Чтение онлайн

ЖАНРЫ

Спасти СССР. Реализация
Шрифт:

— Третьим буду? — натужно пошутил я.

— Чуть-чуть! — воскликнула мама, и прыснула в ладонь. Развеселясь, зарумянившись, с влажным блеском в глазах, она похорошела, моментом сбрасывая годы. Как будто возвращаясь к той девчонке, которой была — и осталась в душе.

«Вот и радуй ее, — говорил я себе, шустро натягивая треники и застиранную „олимпийку“. — Не огорчай, а радуй! Понял, великий человек?»

Там же, позже

Я включил телик с небольшим запозданием — «Международная панорама» уже шла. Затих напряженный ритм «Вибраций», унялись голоса за кадром, вбрасывавшие резковатые анонсы, а не в меру упитанный Бовин, малость

взъерошенный и без галстука, вальяжно развалился перед камерой.

Признаться, я не ожидал, что именно он, спичрайтер Брежнева, будет вести передачу, но, видимо, в верхах решили коней на переправе не менять.

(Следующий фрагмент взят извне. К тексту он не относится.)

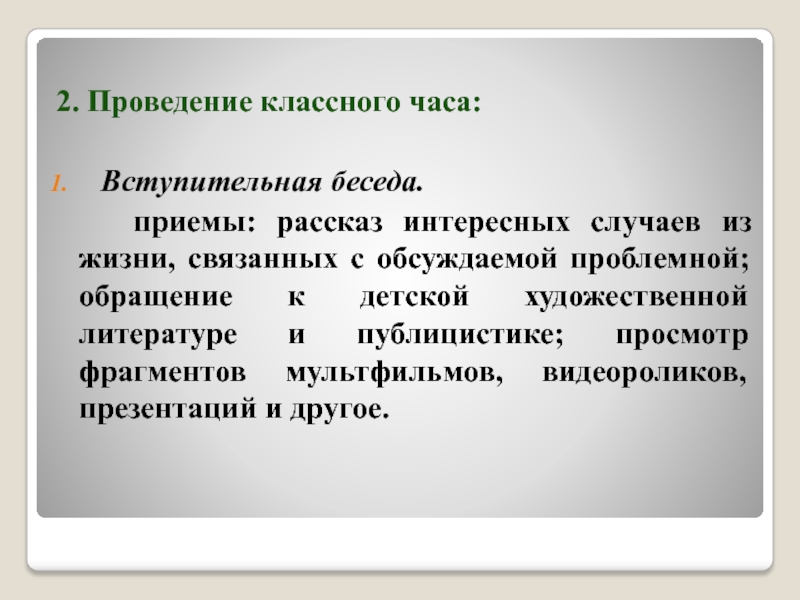 литературе и публицистике; просмотр фрагментов мультфильмов, видеороликов, презентаций и другое.

— … Президент Картер не стал нагнетать обстановку, и внимание западной прессы срочно переключили на обрушение шахского режима в Иране, — одышливо втолковывал народу ведущий, позволяя себе ироничную усмешку. — А тамошние события действительно приобретали всё больший размах. Напомню, что четвертого января шахиншах Реза Пехлеви назначил премьер-министром Ирана не придворного шаркуна, а самого Бахтияра, лидера главной оппозиционной партии «Национальный фронт». Менее двух недель спустя Его Императорское Величество бежало, не забыв прихватить с собой огромный «Боинг», груженный награбленным, а премьер-министр, опасаясь захвата власти муллами, военными или коммунистами, спешно возглавил Временное правительство. Лишенный поддержки даже товарищей по партии, немедленно изгнавших его за сотрудничество с шахом, чужой для армии, враг духовенства, страшно далекий от народа, Шапур Бахтияр всё равно, как будто назло всем, вершил дела по либерально-демократическому стандарту. Прежде всего, разогнал тайную шахскую полицию САВАК и выпустил из тюрем более двухсот политзаключенных. Затем отдал приказ не препятствовать уличным демонстрациям, отменил цензуру и объявил… как бы признавая свою слабость и нерешительность… о предстоящих через три месяца свободных выборах в Учредительное собрание, которое и должно определить дальнейшую судьбу страны. Не будем проводить явных параллелей, но ясно же, что никто не даст Бахтияру целый квартал времени! Ведь еще первого февраля, прямым рейсом из Парижа, в Иран возвратился беглый аятолла Хомейни, признанный вождь исламистов, человек сильный и харизматичный, способный навести «новый порядок»…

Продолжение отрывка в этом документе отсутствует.